* _Work to be completed_: Restate the records below exactly. Pictures are not part of the copy.

─── Task inputs

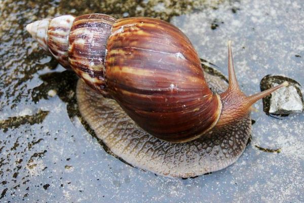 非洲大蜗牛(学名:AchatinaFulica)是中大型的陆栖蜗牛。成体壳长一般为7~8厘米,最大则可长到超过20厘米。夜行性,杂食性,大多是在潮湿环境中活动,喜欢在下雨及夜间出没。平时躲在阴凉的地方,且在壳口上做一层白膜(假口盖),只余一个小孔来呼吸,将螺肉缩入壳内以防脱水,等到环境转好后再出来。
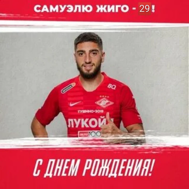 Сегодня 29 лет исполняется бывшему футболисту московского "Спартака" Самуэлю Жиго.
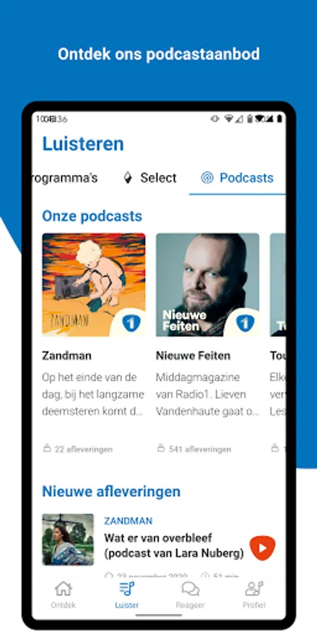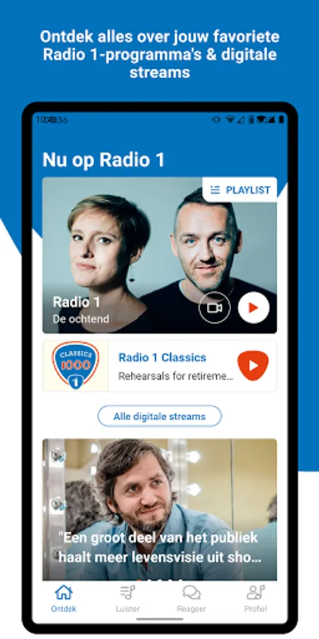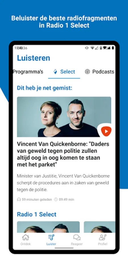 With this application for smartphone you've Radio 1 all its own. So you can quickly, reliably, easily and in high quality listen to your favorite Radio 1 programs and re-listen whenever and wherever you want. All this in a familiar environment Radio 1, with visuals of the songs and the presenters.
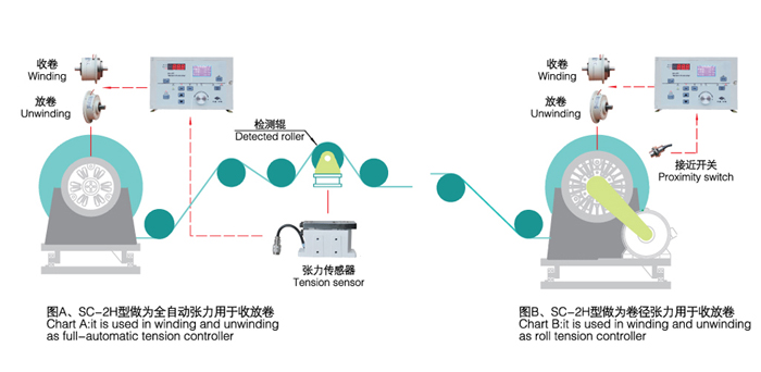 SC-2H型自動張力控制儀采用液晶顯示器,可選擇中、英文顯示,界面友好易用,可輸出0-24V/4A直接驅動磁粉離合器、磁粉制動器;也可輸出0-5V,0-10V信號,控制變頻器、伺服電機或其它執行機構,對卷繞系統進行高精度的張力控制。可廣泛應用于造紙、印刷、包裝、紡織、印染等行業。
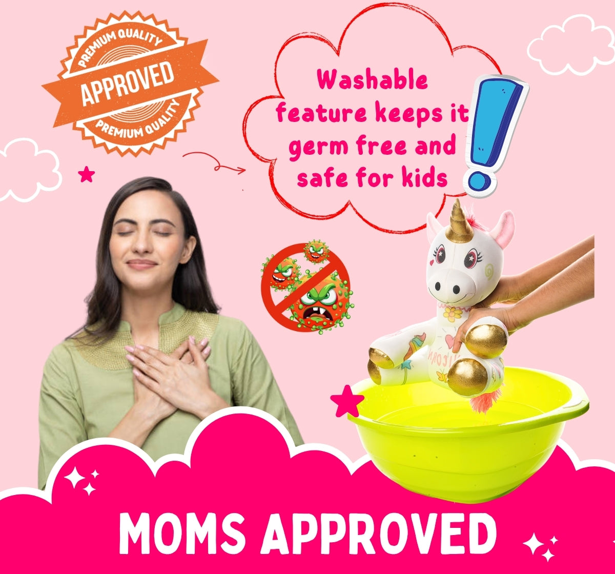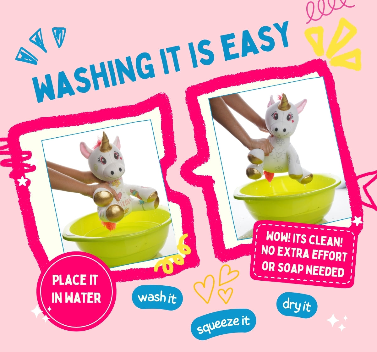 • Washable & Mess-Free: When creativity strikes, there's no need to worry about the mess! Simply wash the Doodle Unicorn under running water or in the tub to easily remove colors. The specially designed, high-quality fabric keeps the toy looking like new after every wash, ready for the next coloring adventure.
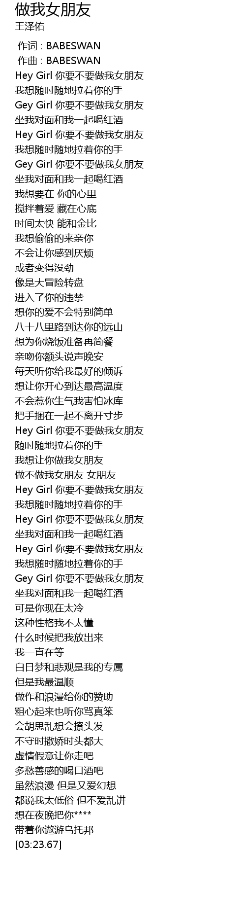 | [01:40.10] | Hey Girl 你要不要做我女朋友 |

──────

* _Written response_:
 非洲大蜗牛(学名:AchatinaFulica)是中大型的陆栖蜗牛。成体壳长一般为7~8厘米,最大则可长到超过20厘米。夜行性,杂食性,大多是在潮湿环境中活动,喜欢在下雨及夜间出没。平时躲在阴凉的地方,且在壳口上做一层白膜(假口盖),只余一个小孔来呼吸,将螺肉缩入壳内以防脱水,等到环境转好后再出来。
 Сегодня 29 лет исполняется бывшему футболисту московского "Спартака" Самуэлю Жиго.
 With this application for smartphone you've Radio 1 all its own. So you can quickly, reliably, easily and in high quality listen to your favorite Radio 1 programs and re-listen whenever and wherever you want. All this in a familiar environment Radio 1, with visuals of the songs and the presenters.
 SC-2H型自動張力控制儀采用液晶顯示器,可選擇中、英文顯示,界面友好易用,可輸出0-24V/4A直接驅動磁粉離合器、磁粉制動器;也可輸出0-5V,0-10V信號,控制變頻器、伺服電機或其它執行機構,對卷繞系統進行高精度的張力控制。可廣泛應用于造紙、印刷、包裝、紡織、印染等行業。
 • Washable & Mess-Free: When creativity strikes, there's no need to worry about the mess! Simply wash the Doodle Unicorn under running water or in the tub to easily remove colors. The specially designed, high-quality fabric keeps the toy looking like new after every wash, ready for the next coloring adventure.
 | [01:40.10] | Hey Girl 你要不要做我女朋友 |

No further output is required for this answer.